Writing for the End

This week, Writerly Life’s Tip Tuesday suggests how the ending can push your writing forward through a rough middle slog:

“Don’t think about the middle or all the small wearying intervening scenes you have to write. Instead, allow yourself to picture the very ending. Get a clear image of the last scene, the final message you want to send; if you can, try to picture even the final image. Where is your character? What has been accomplished? Who is your character with? Who is he or she thinking of in his or her last thought?”

Just like picturing the finish line during a race or imagining a new, unpacked apartment while you’re surrounded by boxes and chaos (guess what I’m doing this week), imagining the end of your book while you’re in the middle can be a big boost. You want to make it to the end. You want to be in that last moment when your readers think “Oh my gosh, best book ever!”
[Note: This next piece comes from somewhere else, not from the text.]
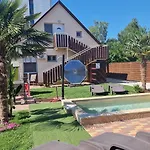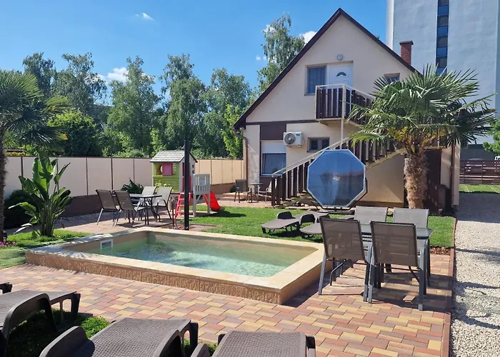 Featuring an outdoor pool area and a sunbathing terrace, Napsugar Villa "A" is situated in the Siofok Aranypart district, 3.1 km from Bella Stables and Animal Park SIOFOK. Nearly a 25-minute stroll from the apartment you will find The benevolent angel of peace Sculpture.

Still, I think it’s okay to be imagining your ending while you’re in the middle and still allow the ending to change once you get there. I had an image in mind for the end of Queen of the Air that didn’t get used at all, but the vibe was still the same. Sometimes stories take you in a different direction than you expected. Heck, even JK Rowling changed her ending slightly after she told the world that the last word of the Harry Potter series would be “scar.” If Rowling can do it, so can you.

One thought on “Writing for the End

  1. Dennis Langley says:

    I agree that having a plan for the ending is a good idea and can help with some of the middle sections. The first two scenes I wrote for my novel were the opening and the climax. Whenever, I get stuck with where the story is going, I read through the ending and see if it still fits. If not, I make changes to one or the other.